Auch Atomkerne, die einem externen Feld ausgesetzt sind – zum Beispiel bestehend aus Elektronen oder anderen Teilchen – lassen sich auf dieser Basis theoretisch beschreiben. Dieser Ansatz wiederum ist der Schlüssel, um vorhandene Daten zu erklären und zukünftige Experimente zu interpretieren, etwa in der Neutrinophysik – einem wichtigen Schwerpunkt im Forschungsprogramm von PRISMA+.

Neutrinos verstehen

Neutrinos sind geisterhafte Teilchen, die unsere Erde ständig milliardenfach durchdringen und trotzdem nur sehr schwer nachzuweisen und zu verstehen sind. Mit neuen geplanten Experimenten – wie dem DUNE Experiment in den USA – wollen Wissenschaftlerinnen und Wissenschaftler einige fundamentale Neutrino-Eigenschaften genauer untersuchen: zum Beispiel das Phänomen, dass sich die drei Neutrino-Arten ständig ineinander umwandeln – im Fachjargon Neutrino-Oszillation. Hierfür brauchen sie wichtige Informationen aus theoretischen Berechnungen. Dabei geht es konkret um die Frage, wie Neutrinos mit den Atomkernen des Detektors wechselwirken.

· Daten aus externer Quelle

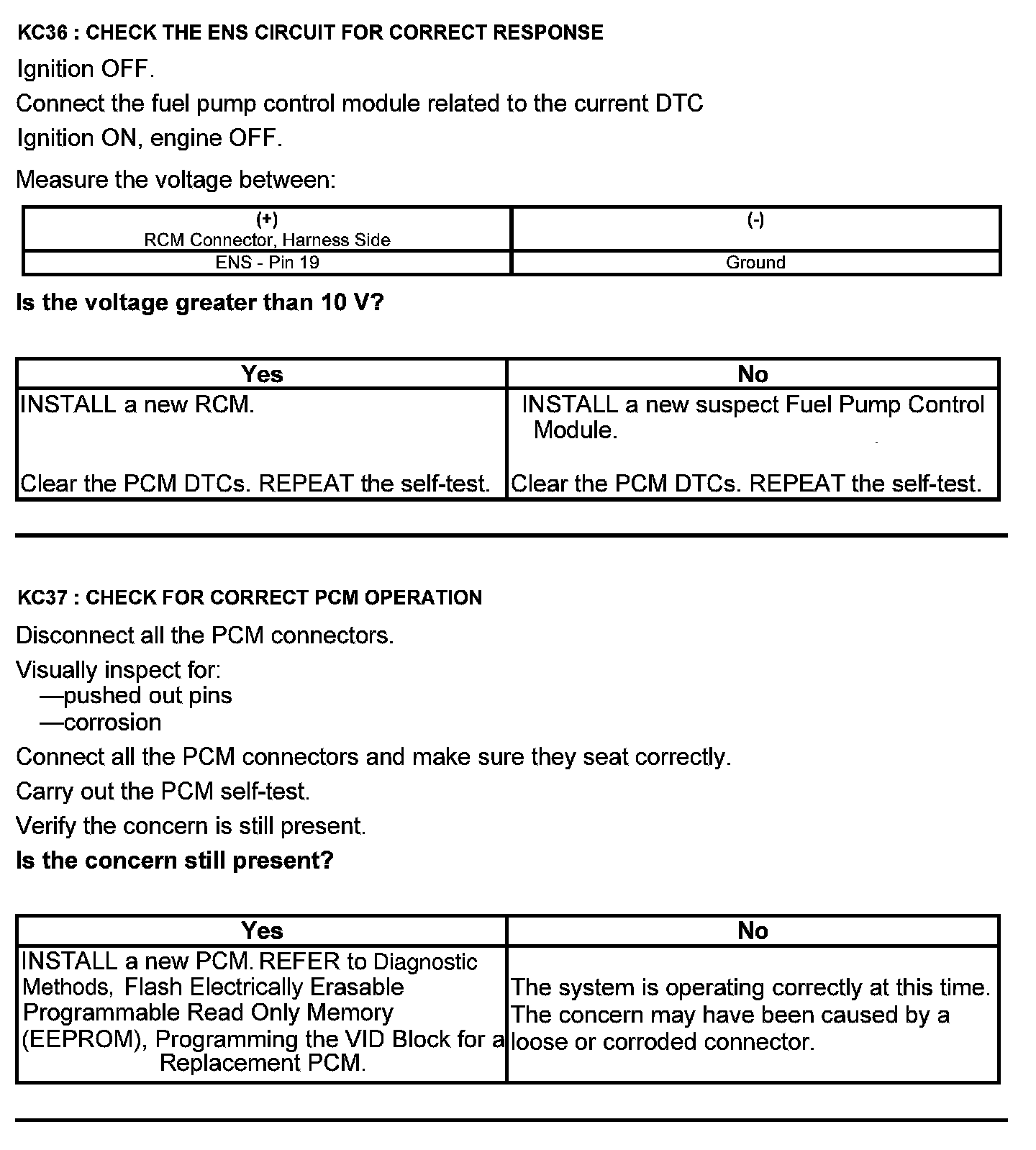 Home >> Ford >> 2012 >> Edge AWD V6-3.7L >> Repair and Diagnosis >> Powertrain Management >> Computers and Control Systems >> Testing and Inspection >> Pinpoint Tests >> Test KC: Fuel Pump Control Module

Da experimentelle Daten zur Streuung von Neutrinos an Atomkernen rar sind, untersuchte das Forscherteam zunächst die Streuung eines anderen Leptons - des Elektrons -, für das bereits experimentelle Daten vorliegen.– "Calcium 40 ist sozusagen unser Testsystem", erläutert Dr. Joanna Sobczyk, Postdoc in Mainz und Erstautorin der Studie. "Mit unserer neuen ab initio Methode konnten wir sehr präzise berechnen, was bei dieser Streuung von Elektronen passiert und wie der Calcium-Atomkern sich verhält."

Das ist ein großer Erfolg: Denn bisher war es nicht möglich, solche Berechnungen für ein schweres Element wie Calcium durchzuführen, dessen Atomkern immerhin aus 40 Nukleonen besteht. "Wir freuen uns sehr, dass es uns gelungen ist, damit grundsätzlich zu zeigen, dass unsere Methode verlässlich funktioniert", beschreibt Sonia Bacca. "Denn nun beginnt eine Ära, wo wir ab-initio Berechnungen nutzen können, um zu beschreiben, wie Atomkerne mit Leptonen – zu denen sowohl Elektronen, als auch Neutrinos zählen – wechselwirken, sogar wenn 40 Nukleonen beteiligt sind."

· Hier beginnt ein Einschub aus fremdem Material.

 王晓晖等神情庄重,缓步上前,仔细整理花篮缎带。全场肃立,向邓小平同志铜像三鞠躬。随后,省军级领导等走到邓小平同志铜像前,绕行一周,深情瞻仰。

"Eine der wertvollsten Eigenschaften unserer Methode ist, dass sie es uns erlaubt, die mit unserer Berechnung verbundenen Unsicherheiten zu quantifizieren. Das ist sehr zeitaufwändig, aber extrem wichtig, um Theorie und Experiment angemessen vergleichen zu können", kommentiert Dr. Bijaya Acharya, PRISMA+ Postdoc und ebenfalls Mitautor der Studie.

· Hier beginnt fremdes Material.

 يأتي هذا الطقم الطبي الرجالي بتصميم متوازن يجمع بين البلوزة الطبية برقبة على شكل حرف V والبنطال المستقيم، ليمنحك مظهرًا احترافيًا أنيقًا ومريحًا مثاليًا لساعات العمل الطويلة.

Nachdem sie für Calcium das Potenzial ihrer Methode zeigen konnten, will sich das Forschungsteam zukünftig das Element Argon und dessen Wechselwirkung mit Neutrinos anschauen. Argon wird als Target in dem geplanten DUNE Experiment eine bedeutende Rolle spielen – daher ist es besonders wichtig, diesen Streuprozess theoretisch beschreiben zu können.